The opera tells the story of the Hebrews’ defeat and exile to Babylon during the reign of King Nebuchadnezzar. Set in the early Victorian era, the production managed to be lavish and grim at once. The Hebrews, led by Zaccaria, wore black frocks and suits; the Babylonians, led first by Nabucco and then by Abigaille, his adopted daughter, were arrayed in copper and black. The setting was minimal: a tower to denote Babylon, a printing press, a square wooden building to act as both Hebrew temple and execution scaffold, an army of wooden chairs. The suggestion that the battle between the spiritual and the temporal is never-ending was prevalent. Indeed, an elderly man watched over the proceedings, changing sets as need be, removing jackets, shuffling chairs. Watching. Waiting.
The singers outdid themselves. Anna Smirnova, as Abigaille, the work’s true villain, peeled the wallpaper not once, but many, many times. Her hatred of the Hebrews and her rage on finding out that she was born one of them leads to many arias and ensembles of vengeance. Smirnova’s voice is strong and supple; she held her numerous high Cs with aplomb, going sharp only once, during the final quintet in Act II. As her supposed sister Fenena, Jana Kuracová sang with a light, supple soprano. Her final prayer was delivered with grace and dignity. Smaller and slighter than Smirnova, Kuracová was an excellent foil to the former’s bloodthirsty intensity. Her grace and her sympathy for the Hebrews allows Fenena to be overpowered by Abigaille’s homicidal hatred, but nonetheless, there was no doubt which sister had the greater spirit.
Their mutual love interest, Ismaele, was sung by Korean tenor Yosep Kang with a beautiful, clear tone. Though perhaps not singing one of opera’s greatest tenor roles, Kang gave a committed performance and received strong ovations for his crystal-clear tone. Zaccaria, the Jewish high priest, was sung by Vitalij Kowaljow. His bass was deeply resonant, filling the house as he called down the judgments of God upon Nabucco. His Italian diction was clear and precise, and intensity admirable. And Johan Reuter, in the title role, was mesmerizing. He ran the gamut from confident, swaggering king to deranged blasphemer to helpless penitent with a sweep of emotion that was fantastically carried by his clean baritone. Nabucco’s prayer to the God of the Hebrews was enough to bring tears to the eyes.

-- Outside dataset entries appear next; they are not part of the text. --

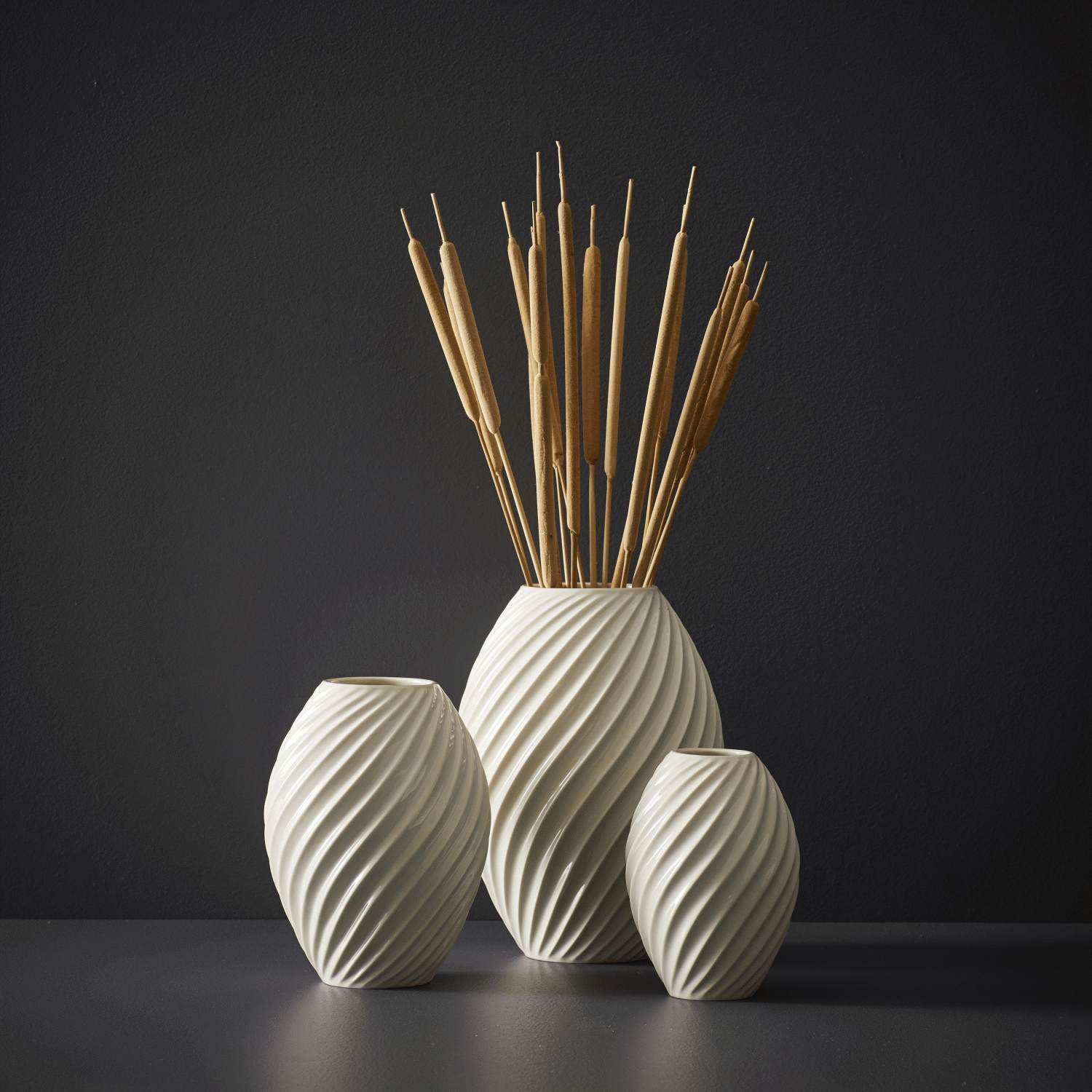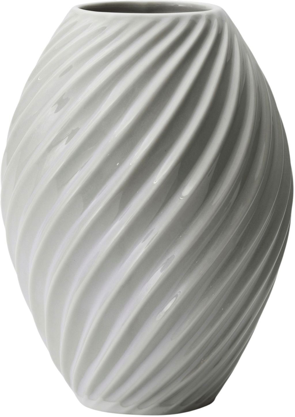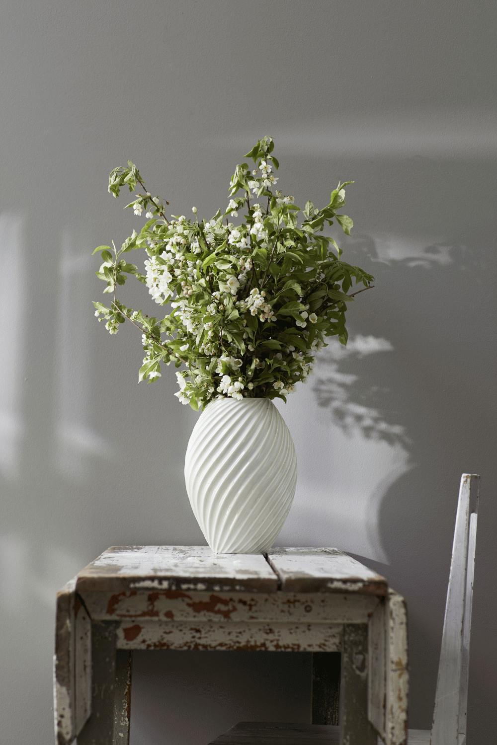 Den hvide glasur fremhæver på smukkeste vis vasens organiske form og understreger de fine detaljer i det spiralformede mønster. Glasuren giver desuden vasen en glat, silkeblød overflade, der reflekterer lyset på en subtil måde og tilfører ethvert rum en rolig elegance.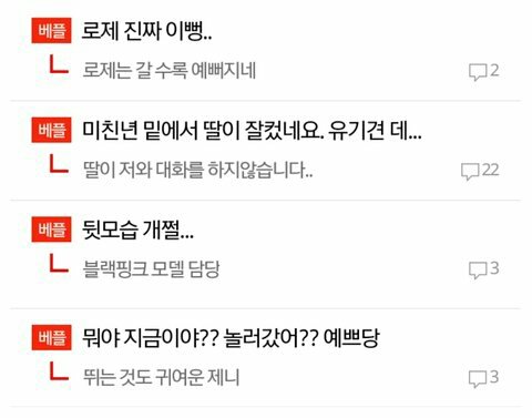 와이지 알바 진짜 있는게 블핑 특히 제니글 이런식으로 짤 한두장 띡 올려놓고 댓글 1,2개뿐인데 베플조작해서 조회수올리고 톡선가게하는거 한두번 본게아님 전부 한명이 쓰는거 티남 팬이면 그래도 눈치는 볼텐데 얘는 하는짓이 눈치도 안보고 할당량만 채우면되는 알바같음 진짜 팬이면ㅋㅋㅋ노답인거고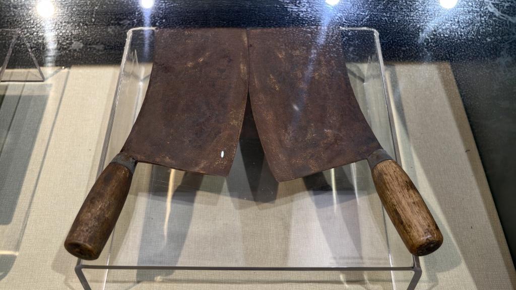 湘鄂西苏区革命历史馆里展示贺龙元帅刀劈芭茅溪盐局的两把菜刀。 记者 王洛伊 图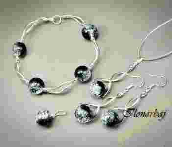 Biżuteria wykonana jest ze szkła crakle oraz elementów antyalergicznych w kolorze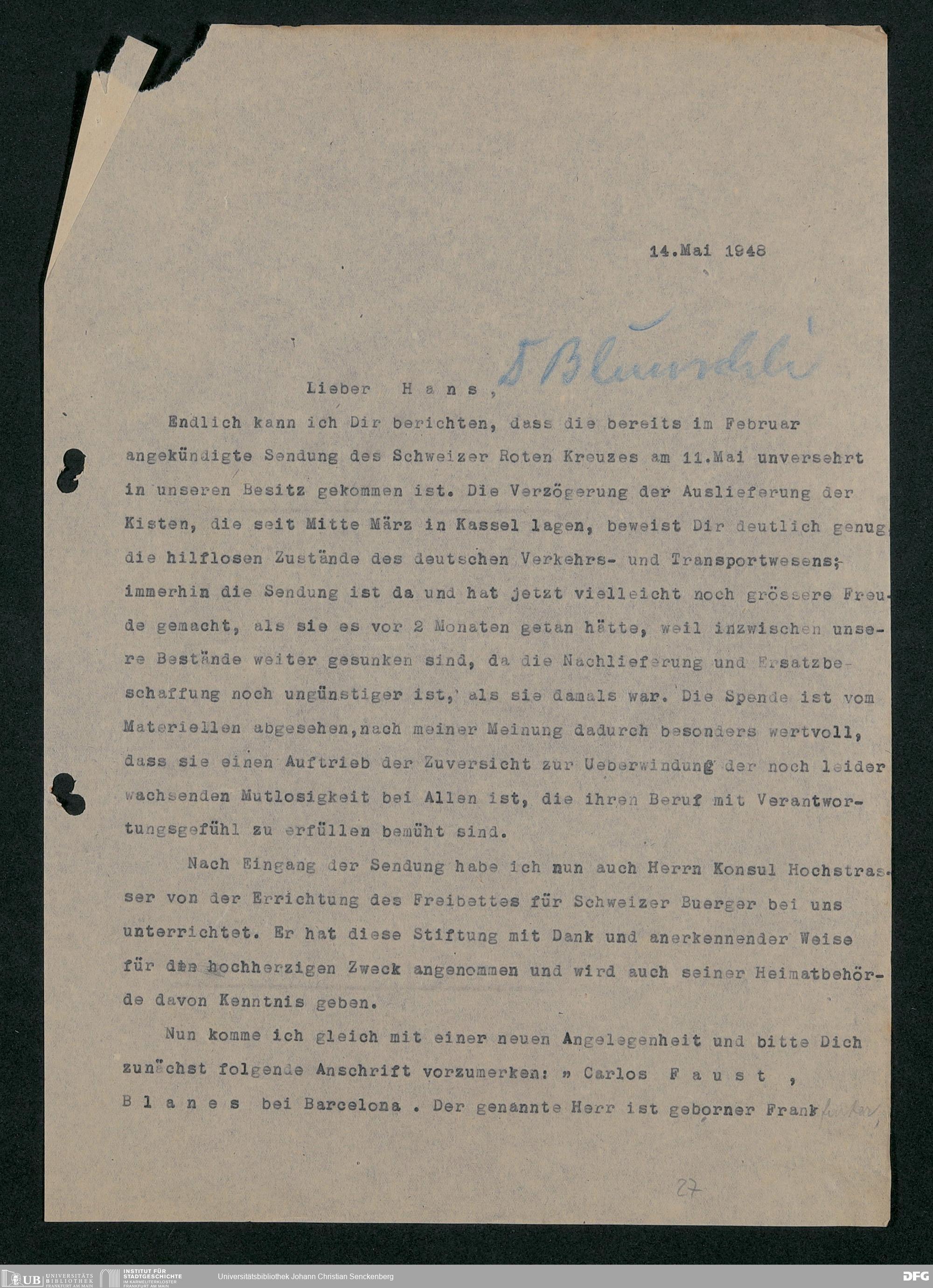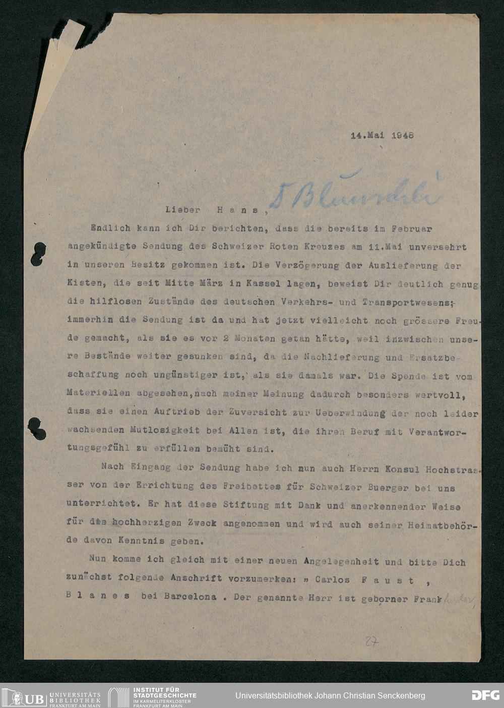 V48 Dr. Senckenbergische Stiftung, 778 - Handakten August de Barys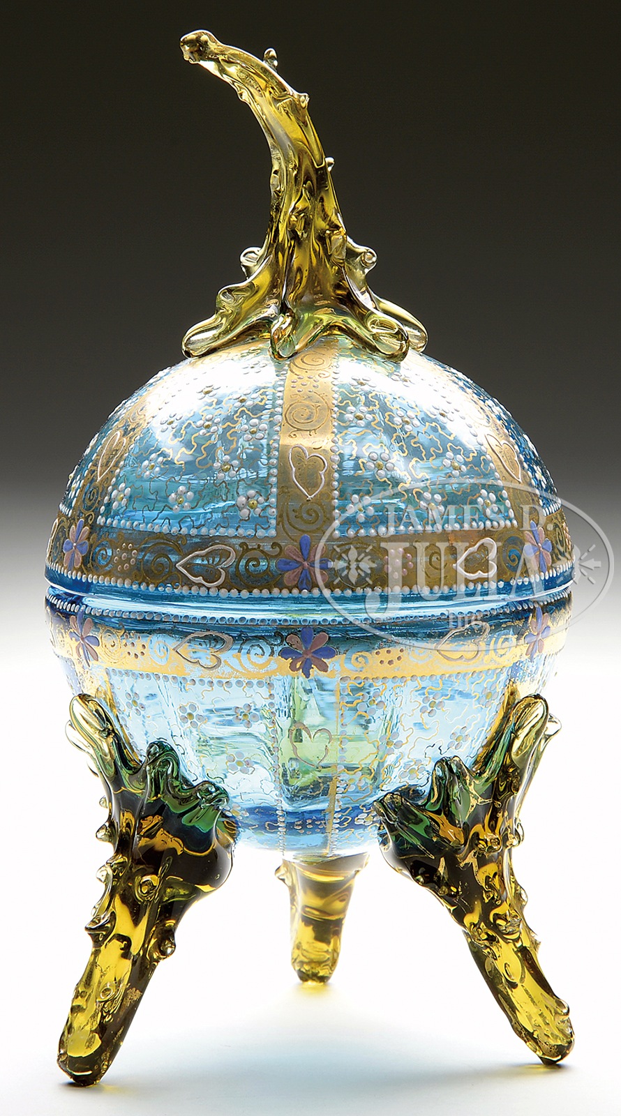 MOSER COVER BONBON.Moser Bonbon has blue glass body with white and yellow enameled flowers and gilded bands. The base is finished with three applied amber glass feet and the bonbon is topped with a matching domed lid with applied amber glass finial. SIZE: 9-1/4″ t. PROVENANCE: George Klabin Collection. CONDITION: There is a heat check to the lid approx. 1″ long where finial meets the lid. 5-67264 (100-200) – Lot 1172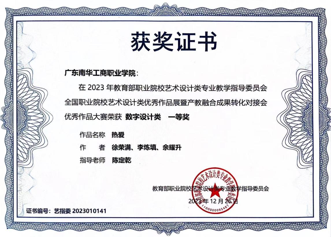 2023年教育部职业院校艺术设计类专业教学指导委员会全国职业院校艺术设计类优秀作品展暨产教融合成果转化对接会优秀作品大赛一等奖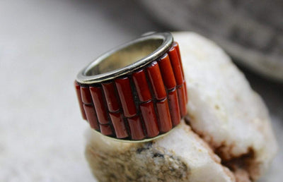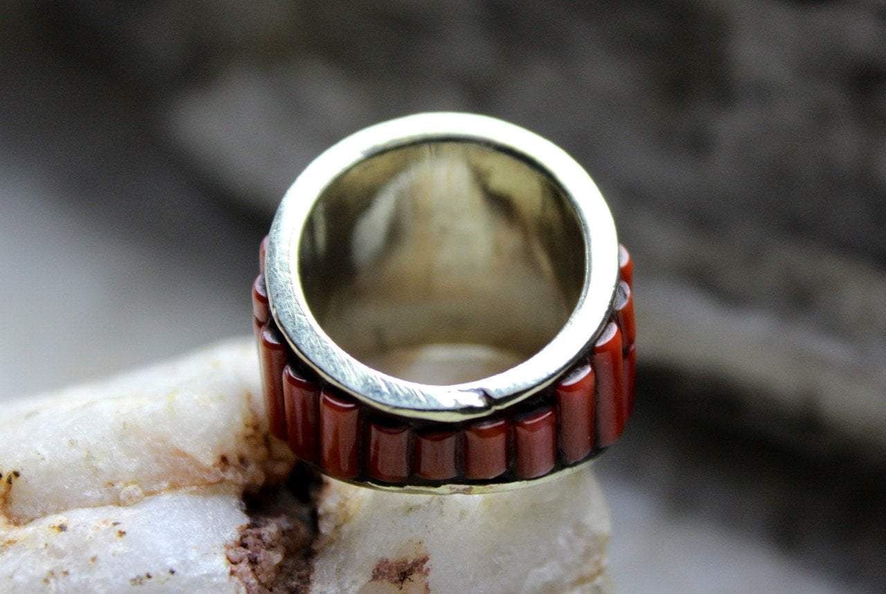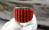 Coral and brass compliment each other beautifully in this modern, stylish ring. Size and design suitable for a man or woman. Made in Nepal. QUANTITIES VERY LIMITED.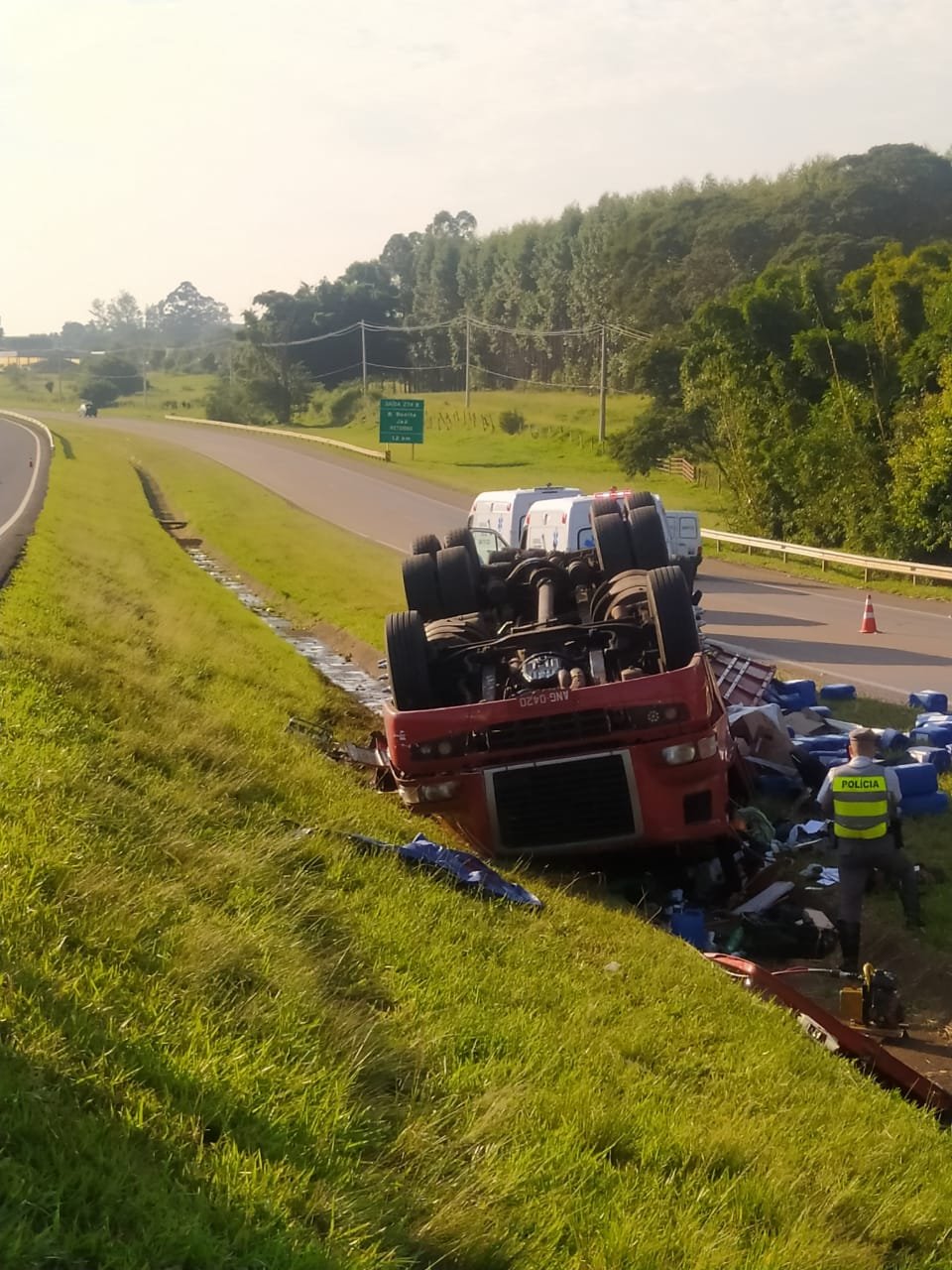 Segundo informações a carreta, com placas de Araçatuba, fazia o trajeto interior-capital, quando por motivos a serem apurados no quilômetro 274,5, o motorista perdeu o controle do veículo e tombou no Canteiro central.

Indeed, it was in Act IV that the production outdid itself. The Chorus of the Hebrew Slaves, one of the most famous of Verdi’s choruses and one that comes with many legends attached, is a stirring hymn to freedom, and the orchestra and chorus of the Deutsche Oper handled it well. Though the chorus was not without its problems in the evening (an inability to pronounce Italian properly being the chief fault), “Va, pensiero” was hypnotic. At each swell in the music, the chorus held aloft long strips of canvas printed with phrases in Hebrew, which were then reverently laid along the front of the stage. As they were then led off to their doom, one of the guards took a book of scripture from a chorus member. This book passed through their hands until it reached the guard watching over Nabucco, who curled on the steps to read it while Nabucco prayed. This, then, was the means by which Nabucco was converted. When he rallied his soldiers, the book was brought to him; he read it during a musical interlude, and wielded it for the rest of the action. It was the book, held up by Nabucco, that caused the ropes being placed around the Hebrews’ necks to fall, useless. And it was with the book that Nabucco knelt at Zaccaria’s feet to beg forgiveness. As Abigaille came in, trailing propaganda broadsheets and with her spirit broken, Zaccaria wrapped his prayer shawl about the humbled king and told him to serve God. And as the set closed around the characters, the elderly man who had watched it all walked to join his people, glancing at Abigaille as he passed, and it was then that they all realized just who this old man really was. Abigaille fell against the doors, unforgiven, and the lights went down.
It was a stirring, powerful conclusion to a beautiful performance.